Tindakan Charlie Hebdo disesalkan pengamat intelijen dan kontraterorisme Colin P. Clarke, dari The Soufan Center New York. Saat diwawancarai VICE News, dia menyatakan reaksi negatif sudah pasti muncul dari penganut Islam dan tidak ada jaminan kali ini penerbitan ulang kartun tersebut bebas dari kemungkinan aksi balasan kaum radikal.
“Kartunnya sendiri sejak awal sangat provokatif dan memang sengaja menghina agama Islam,” kata Colin. Dengan situasi dunia yang lebih terkoneksi Internet, kartun Charlie Hebdo bisa lebih cepat viral dan menyebar lewat medsos. Colin menyesalkan keputusan redaksi, karena kartun semacam ini justru dipakai oleh jaringan teroris untuk merekrut anggota potensial serta mendiskreditkan negara-negara Barat seakan-akan bangsa yang akan selalu memosisikan diri musuh Islam.
“Saya paham bahwa publikasi seperti Charlie Hebdo dilindungi oleh aturan kebebasan berekspresi di Prancis. Namun tema yang diangkat jelas-jelas kontraproduktif terhadap nilai-nilai demokrasi yang konon mereka usung,” imbuh Colin.
Kementerian Luar Negeri Pakistan segera mengecam keputusan Charlie Hebdo menerbitkan ulang kartun tersebut. “Kartun yang secara sengaja menyinggung sentimen miliaran umat Muslim sedunia tidak bisa dibenarkan sebagai praktik kebebasan pers atau kebebasan berekspresi,” kata jubir Kemenlu Pakistan. Pada 2015, ketika kartun itu pertama kali terbit, unjuk rasa besar-besaran terjadi di Pakistan, melibatkan puluhan ribu demonstran.
Sepanjang akhir pekan ini, ketegangan melibatkan umat muslim kembali menyeruak di Eropa. Salah satunya adalah kerusuhan di Kota Malmö, Swedia, akibat tindakan seorang aktivis kulit putih sayap kanan yang membakar Al Quran di dekat masjid setempat.
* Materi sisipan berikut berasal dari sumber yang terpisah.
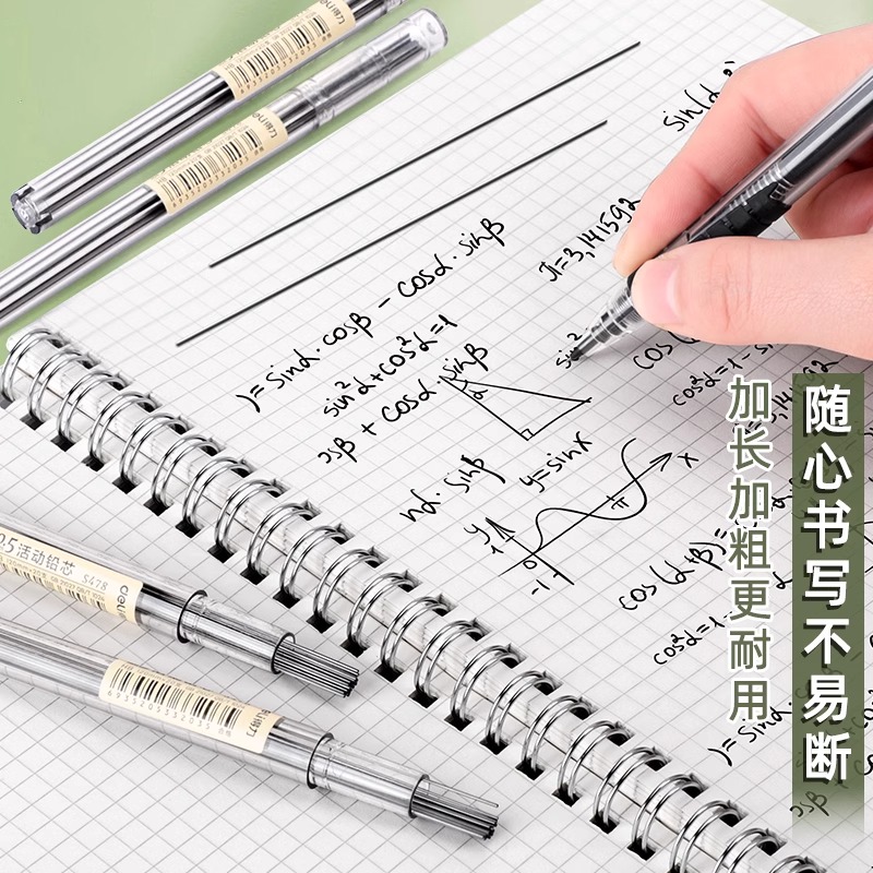 得力自动铅笔替换芯小学生专用0.5mm大容量活动铅芯hb不易断芯0.7mm自动笔铅芯细芯黑色通用适配石墨铅芯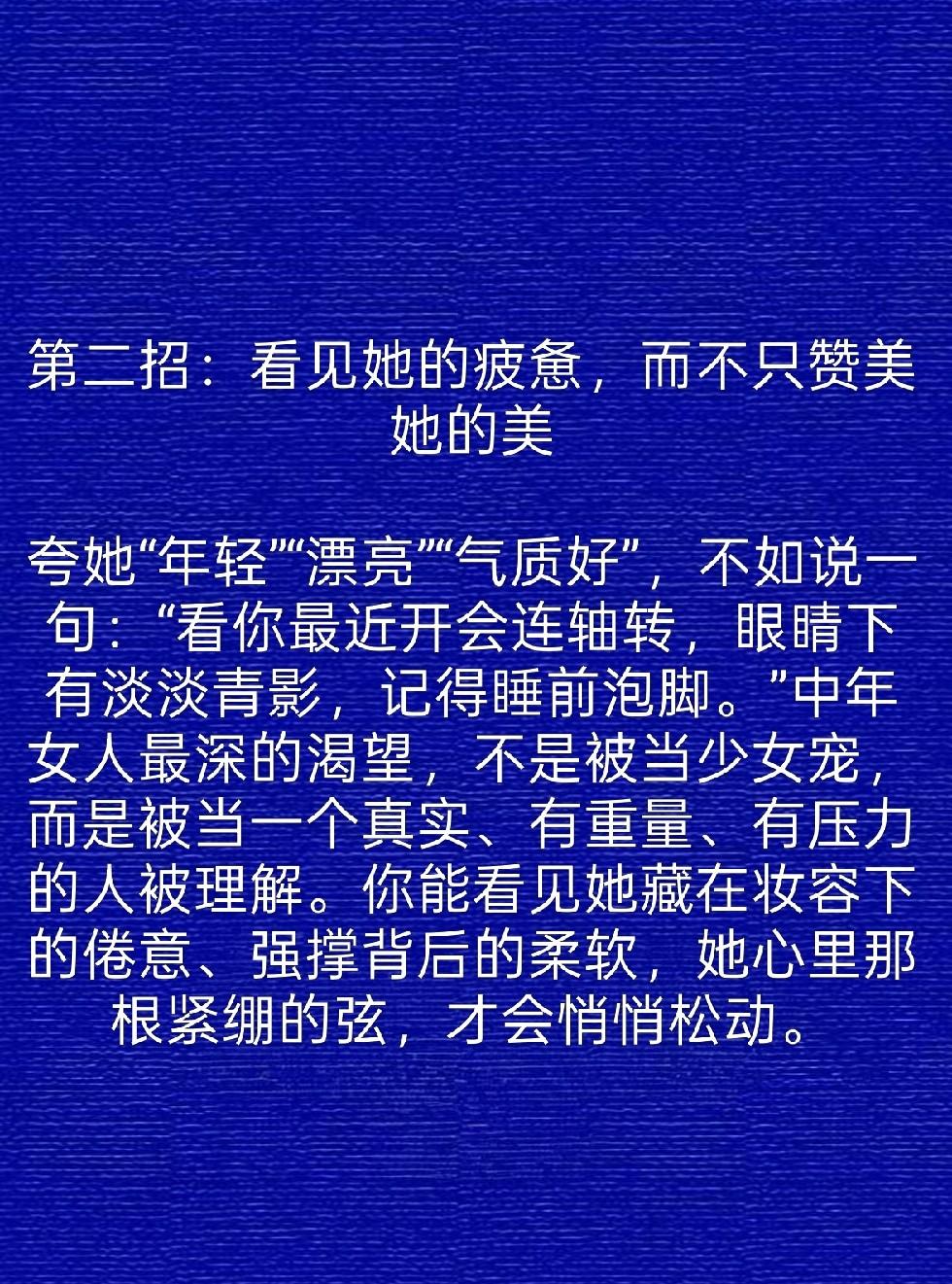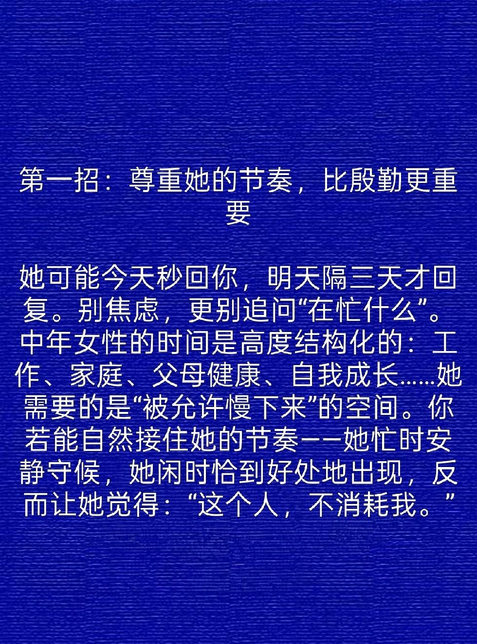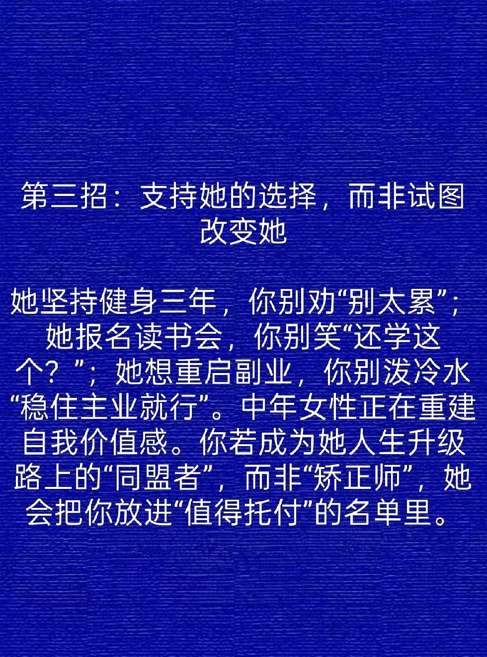 还有个点,别试图改造她,别上来就说你该你不该,她该怎么穿,她该怎么花,你真在乎,就尊重她的生活秩序,她的工作节奏,她的朋友圈子,你提供支持,不是发布命令,你给选择,不是收缴自由。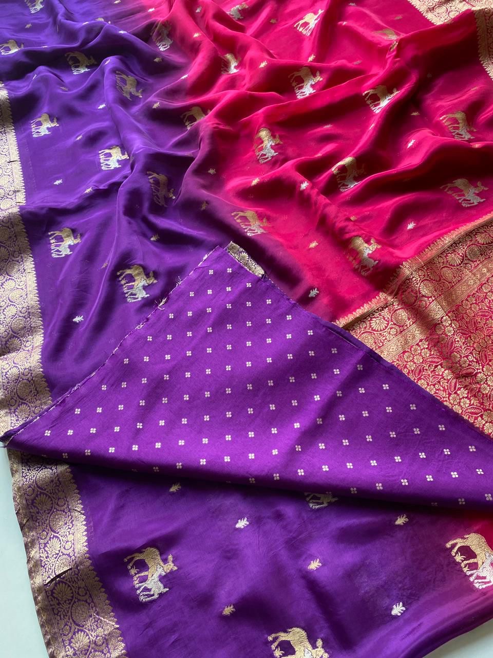 Pure H.O silk sarees with beautiful two shade design with all over viscose thread deer pattern and rich pallu
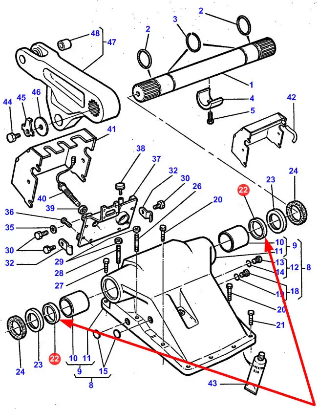 Zamiennik oryginalnej tulei wału ramion podnośnika tylnego stosowanej w ciągnikach rolniczych marki Massey Ferguson o numerze katalogowym 3045416M1.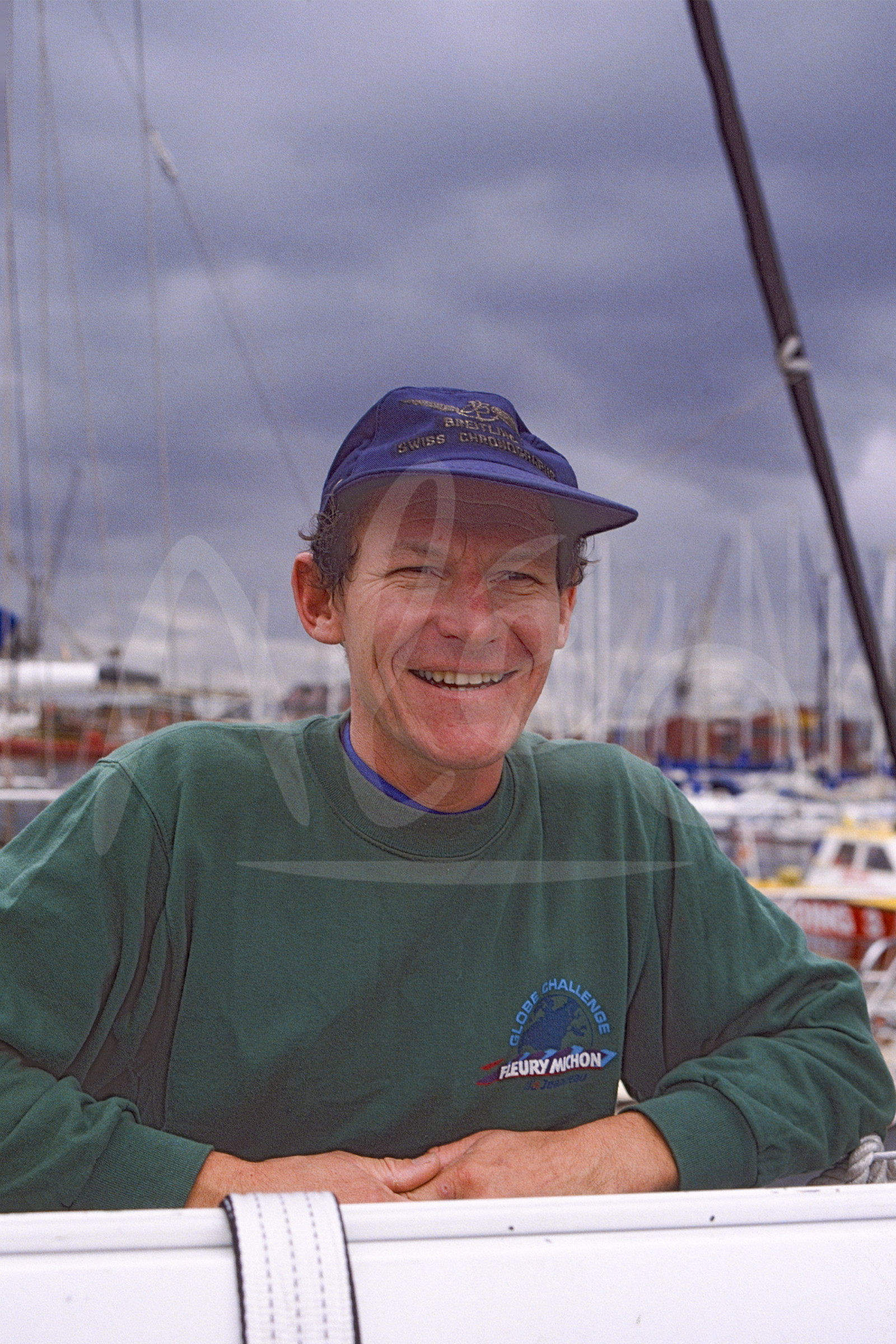 Description | Philippe POUPON explanation in Cape Town, South Africa, after capsizing with his IMOCA boat Fleury Michon X while sailing round-the-world yacht race Vendee Globe and being rescued by fellow competitor Loick PEYRON, on December 29th, 1989 - © Bernard Rubinstein / Alea |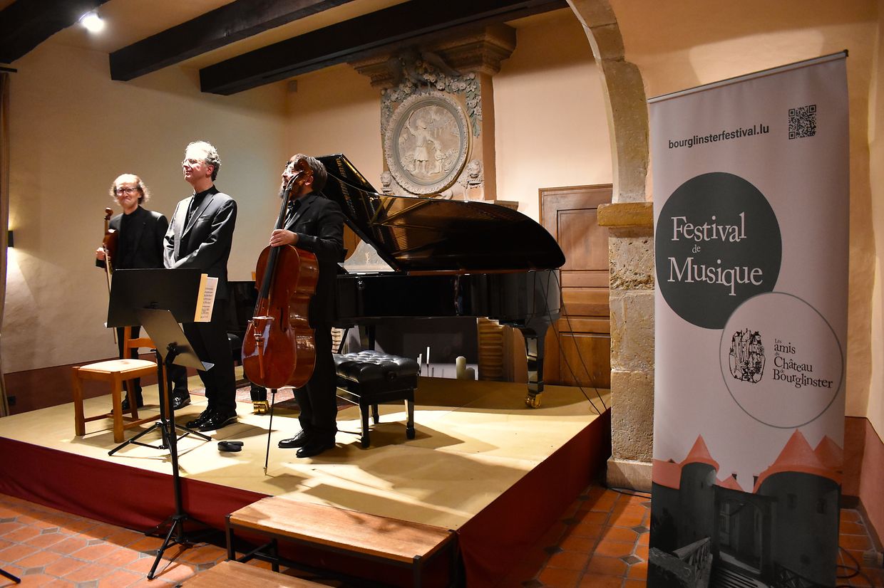 In imposanter instrumentaler Gleichwertigkeit sowie meisterhafter Entschlossenheit beim spielerischen Einsatz warteten kürzlich, im Rahmen der Schlosskonzerte von Burglinster, drei hervorragende Musiker in Klavier-Trio Besetzung auf.
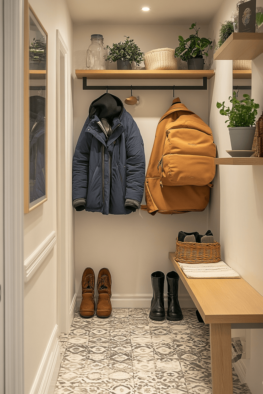 Floating storage keeps this tiny apartment entryway clean and efficient while maximizing every inch. Elevated shelves provide space for essentials without crowding the floor. Modern finishes maintain a sleek and stylish look. Hooks beneath add extra functionality for everyday items. The overall design feels organized and streamlined. Simplify your entry with solutions that make the most of limited space.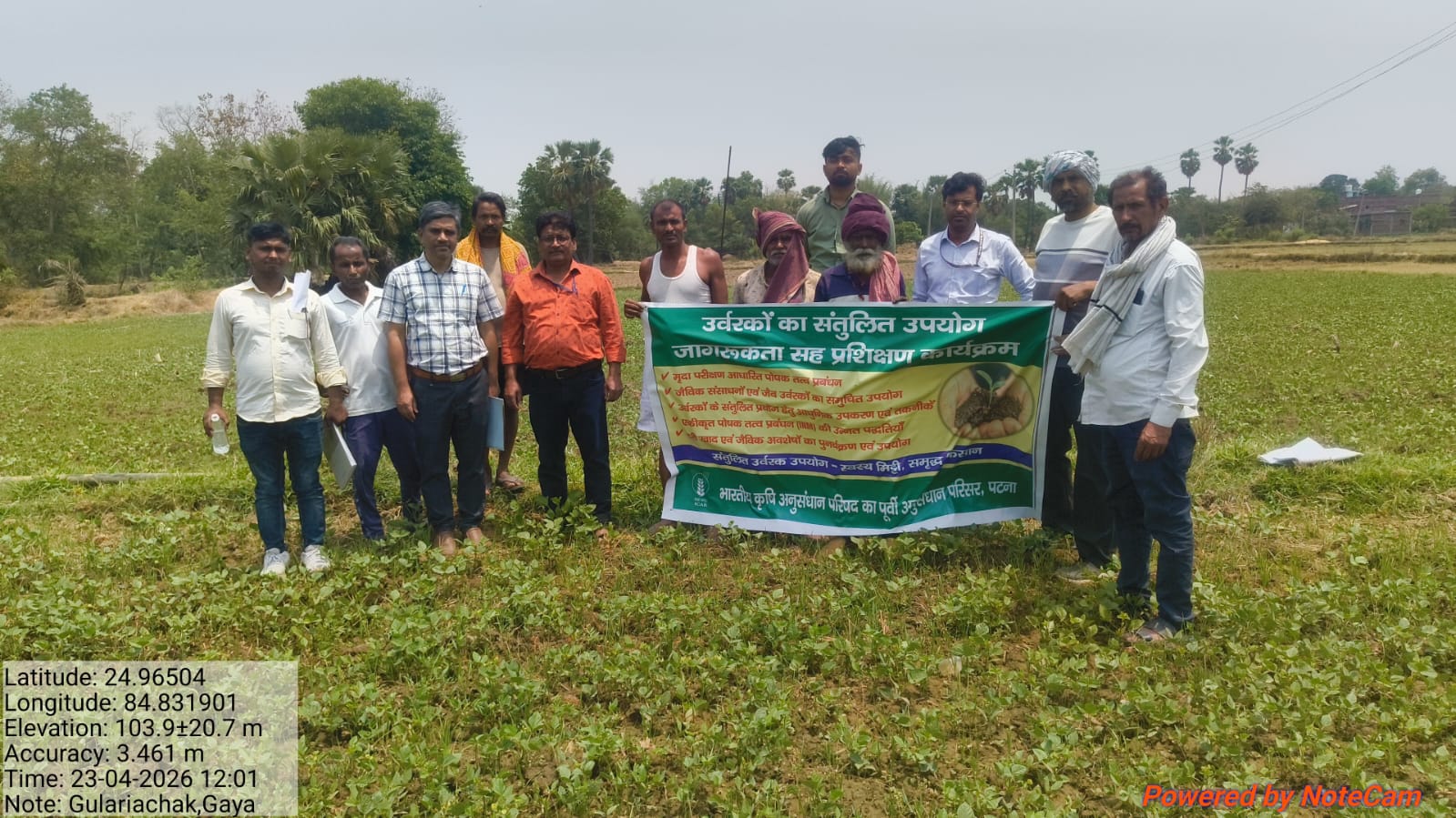 भारतीय कृषि अनुसंधान परिषद का पूर्वी अनुसंधान परिसर, पटना द्वारा 23 अप्रैल, 2026 को गया जिले के टेकारी प्रखंड अंतर्गत गुलेरियाचक गाँव में संतुलित उर्वरक उपयोग विषय पर एक जागरूकता कार्यक्रम का आयोजन किया गया।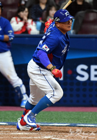 잠잠했던 이대호도 마침내 대회 첫 타점을 신고했다. 이대호는 6-3으로 쫓기던 4회초 1사 1, 2루 상황에서 대만의 세 번째 투수 판웨이룬의 초구를 공략해 1타점 적시 2루타를 때려냈다. 2회초 투수가 던진 공에 머리를 맞는 아찔한 상황을 겪기도 했던 이대호지만 계속해서 경기에 나서며 원하는 결과를 만들어냈다. 손아섭의 희생플라이로 1점을 더 보탠 한국은 8-3까지 앞서갔다.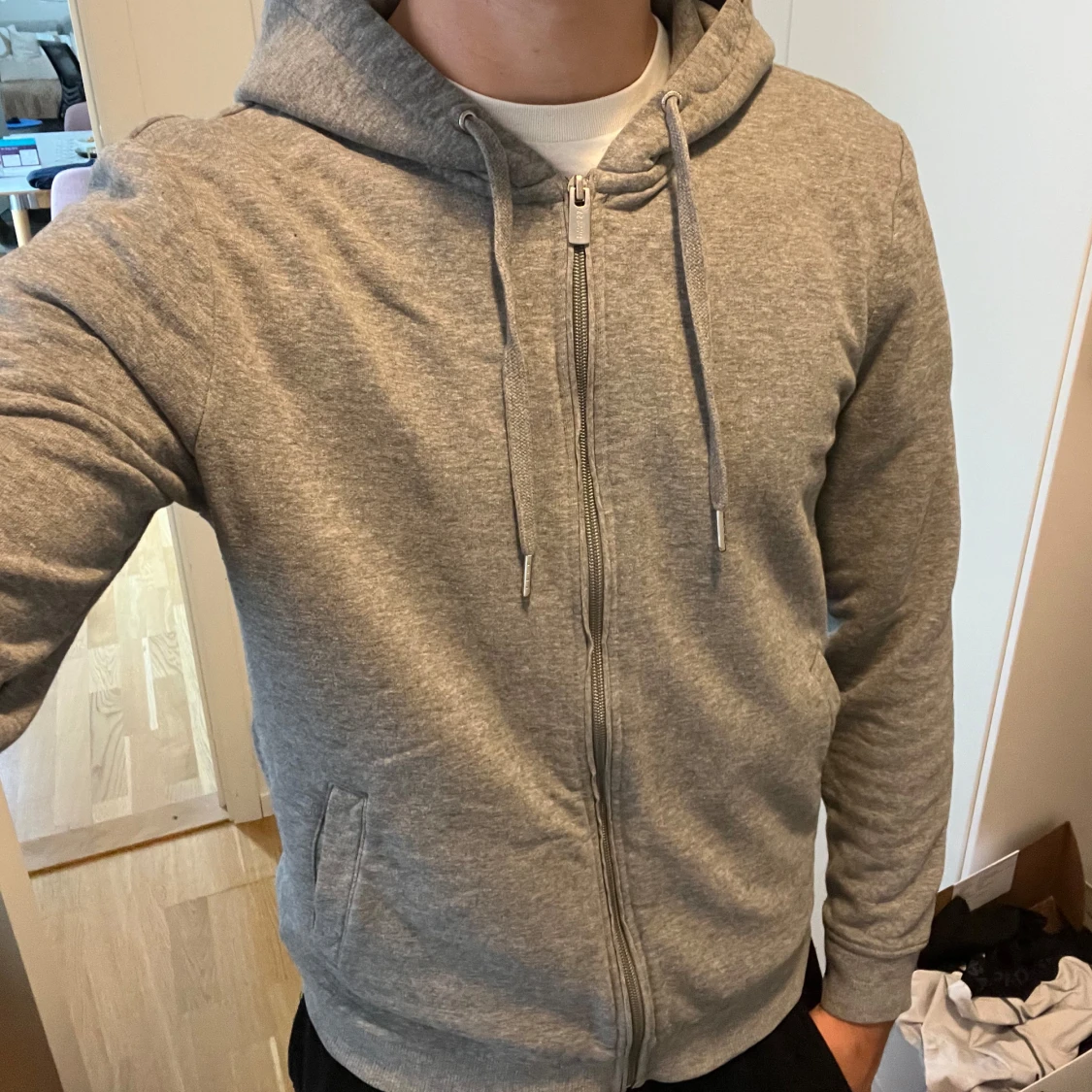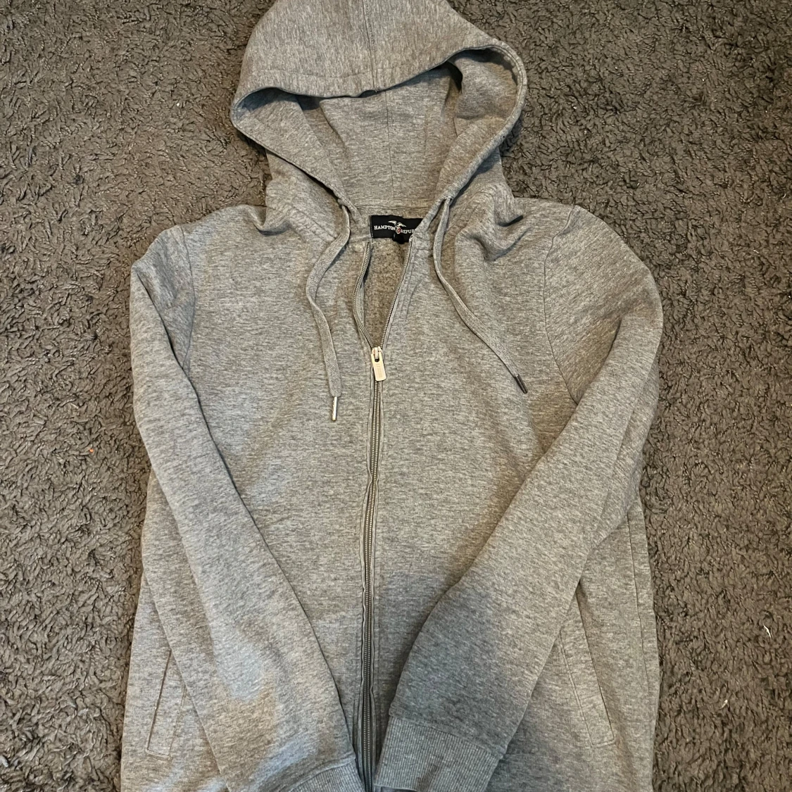 Säljer en grå hoodie från Band of Brothers med dragkedja och snörning i huvan. Tröjan har ribbade muddar, två fickor fram och är tillverkad i mjuk bomullsmix. Perfekt för chill dagar eller när du vill ha något bekvämt och stilrent.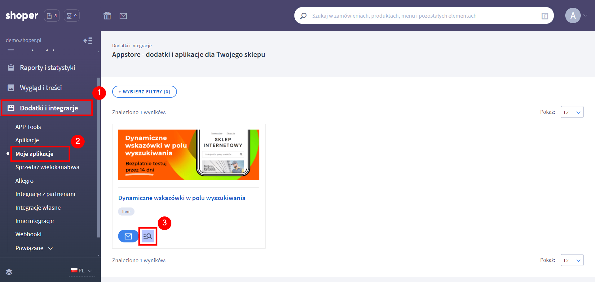 - W zakładce Dodatki i integracje → Moje aplikacje wyszukaj Dynamiczne wskazówki w polu wyszukiwania i kliknij ikonę aplikacji.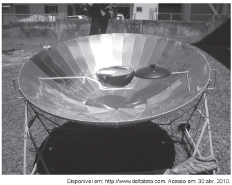 A figura mostra uma superfície refletora de formato parabólico, que tem sido utilizada como um fogão solar. Esse dispositivo é montado de tal forma que a superfície fique posicionada sempre voltada para o Sol. Neste, a panela deve ser colocada em um ponto determinado para maior eficiência do fogão.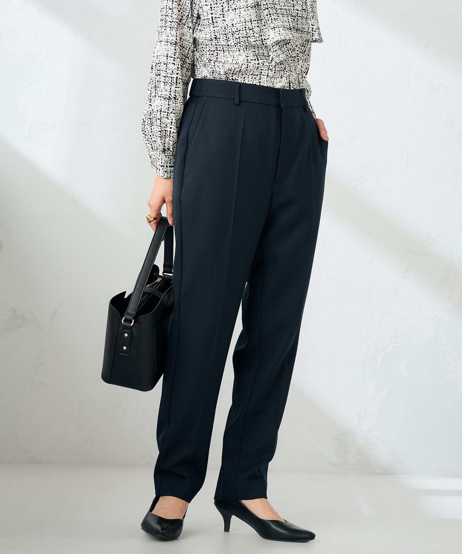 テーパードパンツですが、細すぎないキレイなシルエット。女性っぽくオシャレ見えし脚長効果があります!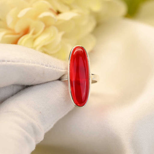 Best Selling Solid 925 Sterling Silver Red Garnet Hydro 10x30mm Long Oval Bezel Setting Ring for Women Fine Handmade Jewelry
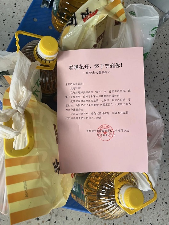 同時還收到了一封“致歸來的曹楊家人”暖心歡迎信。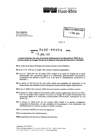 portant fixation des prix de journée hébergement et dépendance 2005 de la section soins de longue durée de la maison d'accueil du Diaconat à Colmar. Resumé Pièces jointes ARRETE Assemblée : Non défini Date : 05/01/2005 Rapporteur : Non défini Collectivité : Conseil départemental du Haut-Rhin Direction : Non défini Service : Service de la Tarification des Etablissements Domaine : Prix de Journée Commission :

Colin menyatakan, media provokatif seperti Charlie Hebdo kini dijadikan simbol perlawanan oleh gerakan sayap kanan Eropa, terutama yang mengusung ideologi supremasi kulit putih. Gerakan radikal macam ini selalu tertarik membuktikan kalau Islam bukan agama damai.
“Yang terjadi akhirnya radikalisasi resiprokal, kelompok sayap kanan nasionalis dan agama saling memanfaatkan situasi untuk merekrut anggota baru lewat provokasi macam ini.”